▸ **Work instruction**
Leave the images aside and copy out the whole listing, exact to the word.

▸ **Dataset extract**

┄┄┄┄┄┄

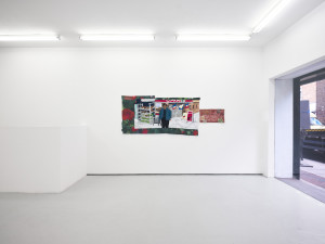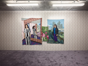 "For her first solo exhibition at Union Pacific gallery, Afghan-Canadian artist Hangama Amiri has employed an architectural splitscreen to take us inside the story of a separation. Combining the visual vocabulary of history painting with the skills and materials of a couturier Amiri explores, through fabric appliqué, the photographs her parents exchanged during their nine year separation following the family’s exodus from Afghanistan: her father’s dispatches from Norway and Denmark on the top floor of the gallery, her mother’s from Tajikistan on the lower level.
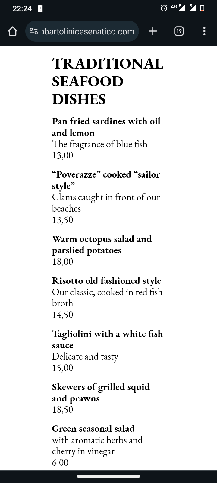 Food looks exquisit, still taste is almost everything and it is disappoining. Expensive for no obvious reason. Service is missing, still somehow it is paid, as the italian invented "coperto". Despite lack of service, lack of traditional dishes (octopus, pasta, pizza, pinsa), lack of soft drinks (just cola and fanta), lack of options. And still, a touch of old-fashion stiffness and superiority. Ambiance could be great thanks to Leonardo's harbour. Too bad it was cancelled by a mistranslated menu (it was changed during our meal, after receiving something not ordered), a very poor waiter and a rude owner that doesn't speak English (an old lady that didn't seem to manage her own business). She managed to find her English to bark at me "let me finish", as I tried to stop her telling us in italian why the "coperto" is to be paid. If it's enough crowd, somebody will eat here, so one bad review doesn't matter. Still, the ones reading reviews before, avoid this place. Cesenatico has many other restaurants...
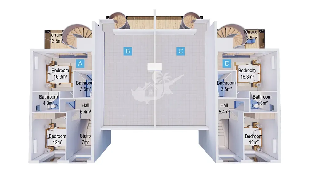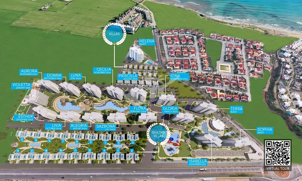 Vily 3+1 mají tři patra , čtyři koupelny , velká střešní terasa kde se da postavit pergolu , gril a jaccuzi. Vše se nachází 300m od pláže na Kypru. Součástí projektů bude i luxusní jacht klub. K vilám náleží i vlastní bazén. Vedle je skvělý aquapark, je to opravdu vynikající investici na pronájem a uložení peněz.
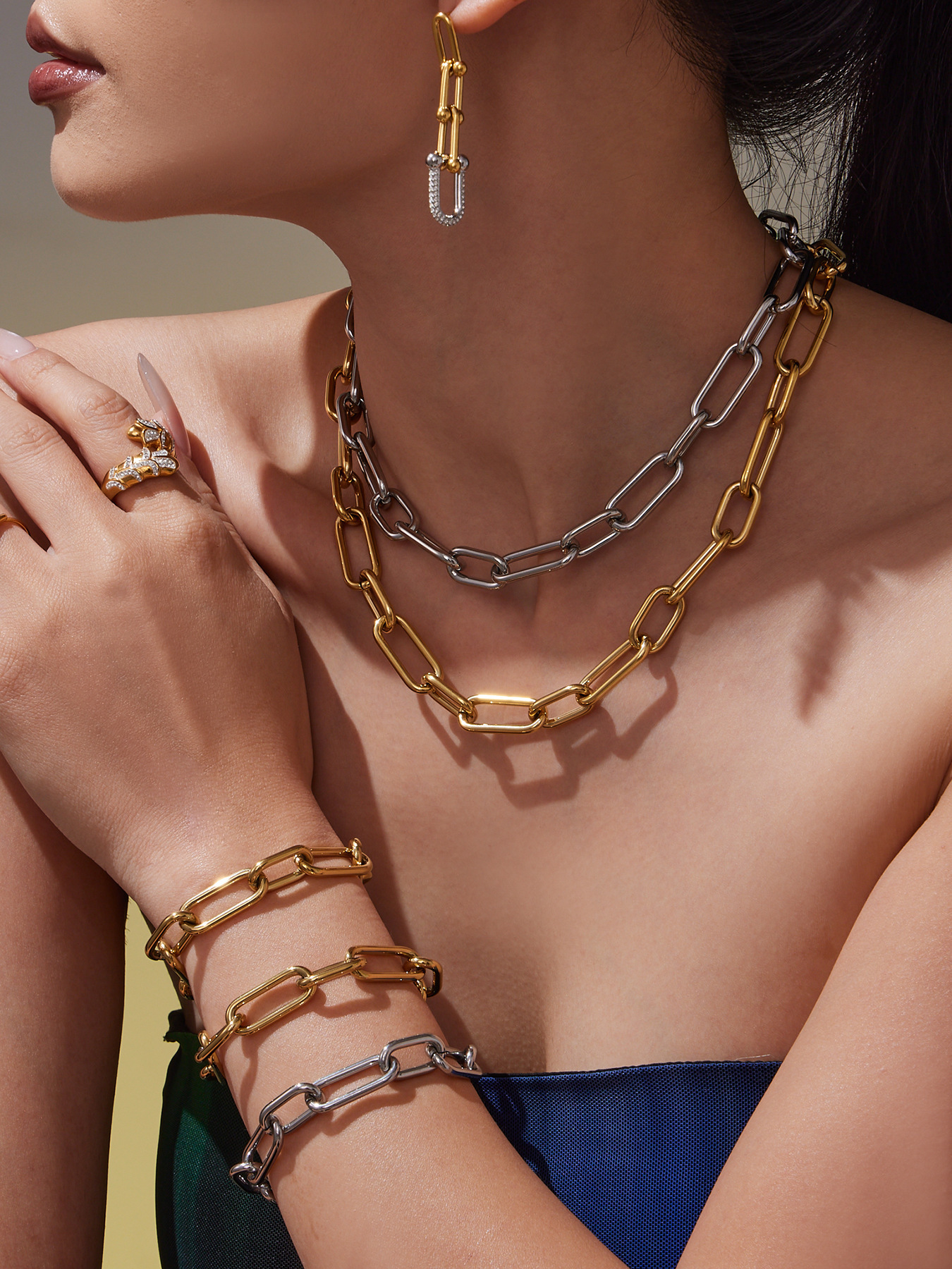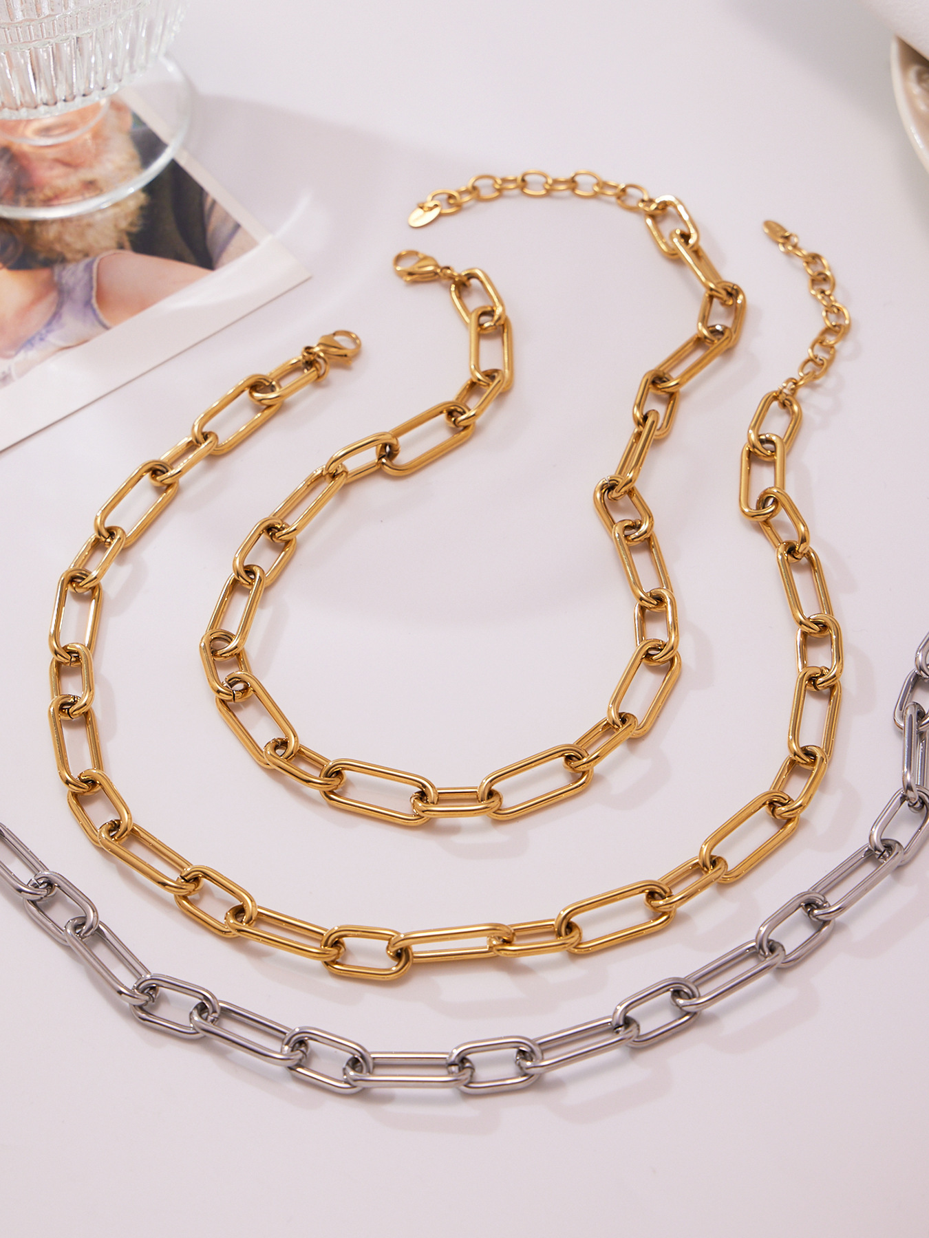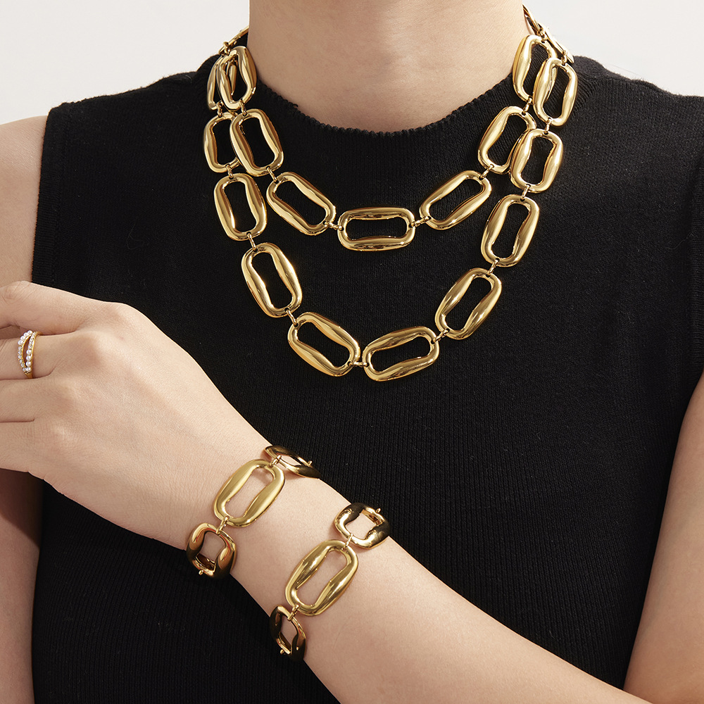 国境を越えたステンレスファッションアクセサリー真空メッキ18k色大チェーン夏女性ブレスレットネックレス金属風

┄┄┄┄┄┄

▸ **Answer area**
 "For her first solo exhibition at Union Pacific gallery, Afghan-Canadian artist Hangama Amiri has employed an architectural splitscreen to take us inside the story of a separation. Combining the visual vocabulary of history painting with the skills and materials of a couturier Amiri explores, through fabric appliqué, the photographs her parents exchanged during their nine year separation following the family’s exodus from Afghanistan: her father’s dispatches from Norway and Denmark on the top floor of the gallery, her mother’s from Tajikistan on the lower level.
 Food looks exquisit, still taste is almost everything and it is disappoining. Expensive for no obvious reason. Service is missing, still somehow it is paid, as the italian invented "coperto". Despite lack of service, lack of traditional dishes (octopus, pasta, pizza, pinsa), lack of soft drinks (just cola and fanta), lack of options. And still, a touch of old-fashion stiffness and superiority. Ambiance could be great thanks to Leonardo's harbour. Too bad it was cancelled by a mistranslated menu (it was changed during our meal, after receiving something not ordered), a very poor waiter and a rude owner that doesn't speak English (an old lady that didn't seem to manage her own business). She managed to find her English to bark at me "let me finish", as I tried to stop her telling us in italian why the "coperto" is to be paid. If it's enough crowd, somebody will eat here, so one bad review doesn't matter. Still, the ones reading reviews before, avoid this place. Cesenatico has many other restaurants...
 Vily 3+1 mají tři patra , čtyři koupelny , velká střešní terasa kde se da postavit pergolu , gril a jaccuzi. Vše se nachází 300m od pláže na Kypru. Součástí projektů bude i luxusní jacht klub. K vilám náleží i vlastní bazén. Vedle je skvělý aquapark, je to opravdu vynikající investici na pronájem a uložení peněz.
 国境を越えたステンレスファッションアクセサリー真空メッキ18k色大チェーン夏女性ブレスレットネックレス金属風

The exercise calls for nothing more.